**Work order**
Every record should be copied exactly, except that pictures are to be omitted.

(Data excerpts)
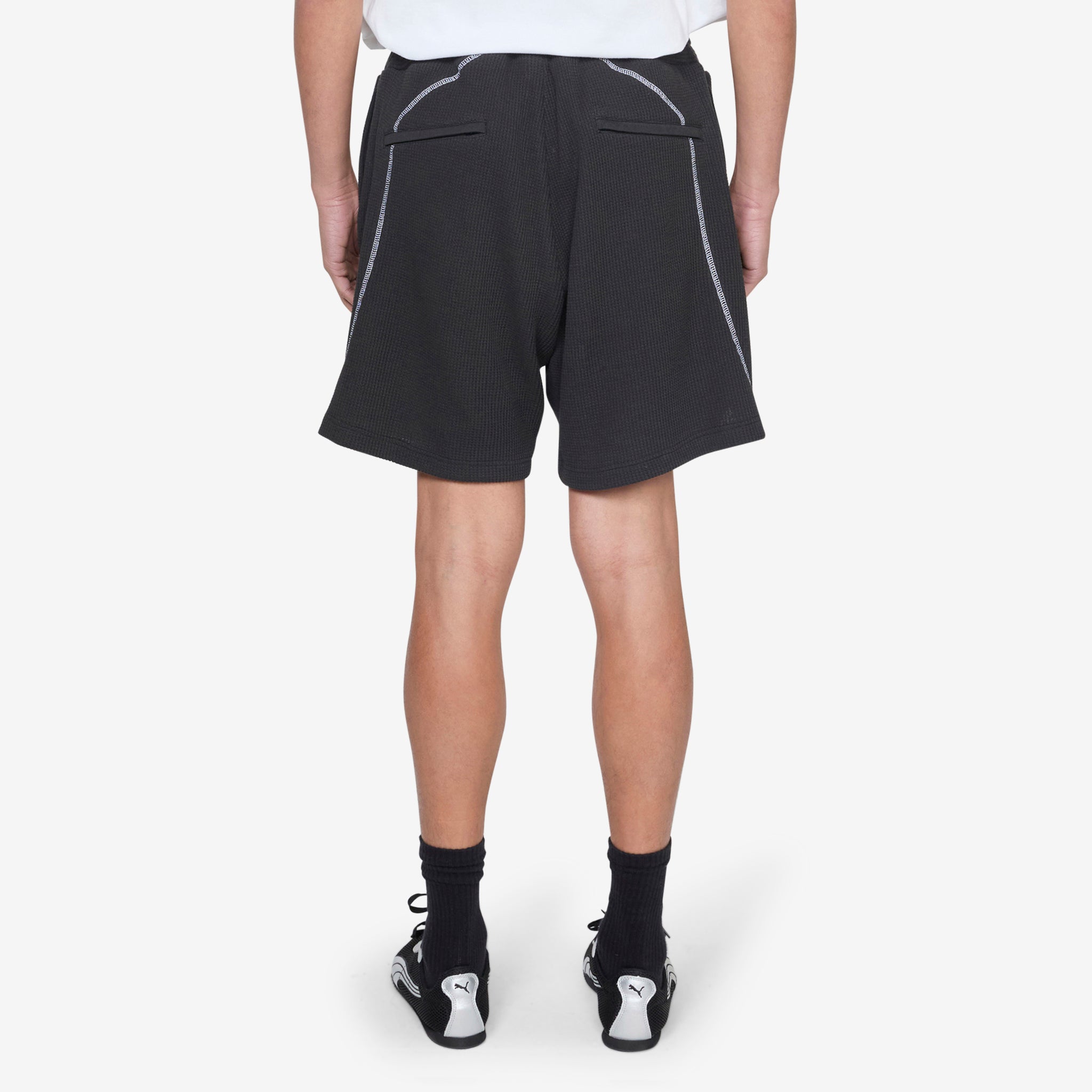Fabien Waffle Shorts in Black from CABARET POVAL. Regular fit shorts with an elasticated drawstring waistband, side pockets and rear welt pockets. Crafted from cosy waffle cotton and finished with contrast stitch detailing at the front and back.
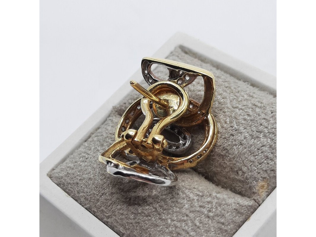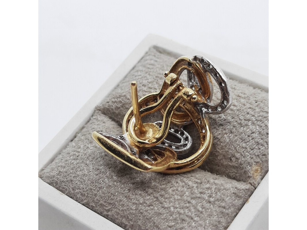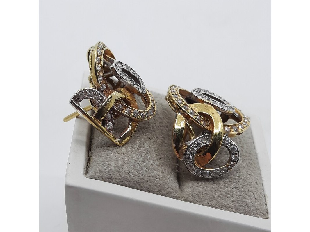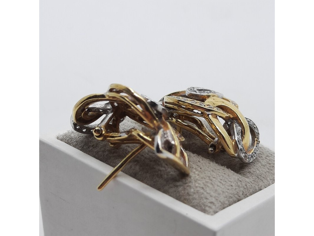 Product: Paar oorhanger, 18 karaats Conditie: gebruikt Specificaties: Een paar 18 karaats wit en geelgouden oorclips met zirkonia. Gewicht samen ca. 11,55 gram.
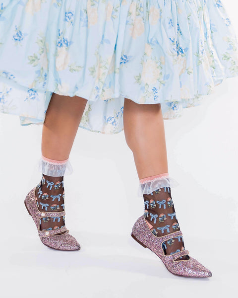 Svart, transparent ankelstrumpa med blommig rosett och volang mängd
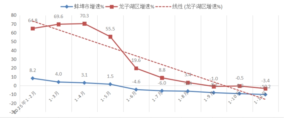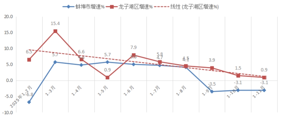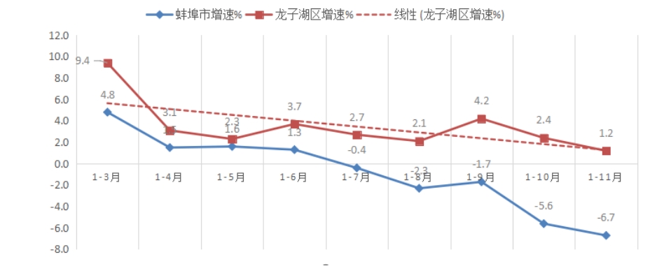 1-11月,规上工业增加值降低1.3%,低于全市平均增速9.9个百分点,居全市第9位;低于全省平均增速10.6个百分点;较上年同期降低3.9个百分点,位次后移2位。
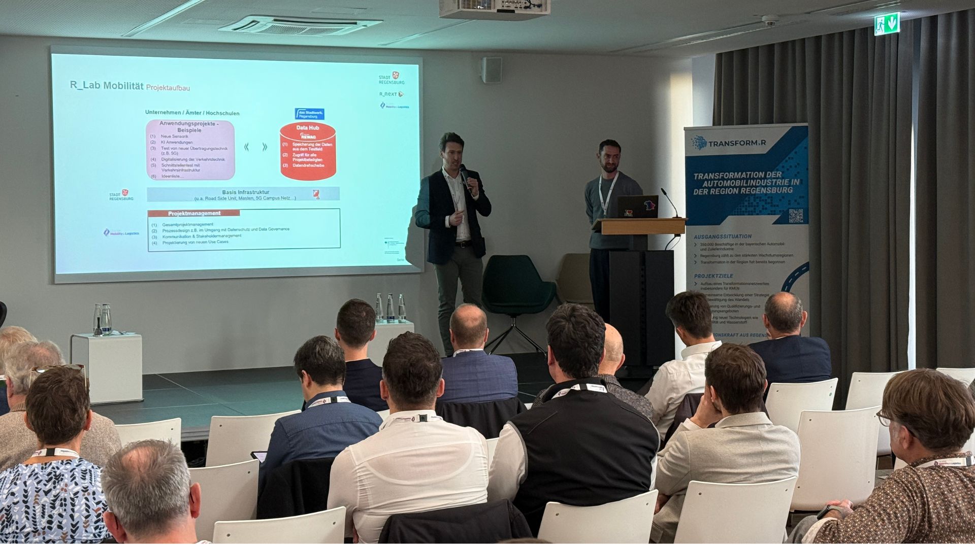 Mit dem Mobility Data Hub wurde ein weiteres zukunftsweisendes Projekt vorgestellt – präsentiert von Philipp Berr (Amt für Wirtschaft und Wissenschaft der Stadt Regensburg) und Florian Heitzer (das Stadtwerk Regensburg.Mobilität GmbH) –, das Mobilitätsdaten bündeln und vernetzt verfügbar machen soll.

**Response box**
Fabien Waffle Shorts in Black from CABARET POVAL. Regular fit shorts with an elasticated drawstring waistband, side pockets and rear welt pockets. Crafted from cosy waffle cotton and finished with contrast stitch detailing at the front and back.
 Product: Paar oorhanger, 18 karaats Conditie: gebruikt Specificaties: Een paar 18 karaats wit en geelgouden oorclips met zirkonia. Gewicht samen ca. 11,55 gram.
 Svart, transparent ankelstrumpa med blommig rosett och volang mängd
 1-11月,规上工业增加值降低1.3%,低于全市平均增速9.9个百分点,居全市第9位;低于全省平均增速10.6个百分点;较上年同期降低3.9个百分点,位次后移2位。
 Mit dem Mobility Data Hub wurde ein weiteres zukunftsweisendes Projekt vorgestellt – präsentiert von Philipp Berr (Amt für Wirtschaft und Wissenschaft der Stadt Regensburg) und Florian Heitzer (das Stadtwerk Regensburg.Mobilität GmbH) –, das Mobilitätsdaten bündeln und vernetzt verfügbar machen soll.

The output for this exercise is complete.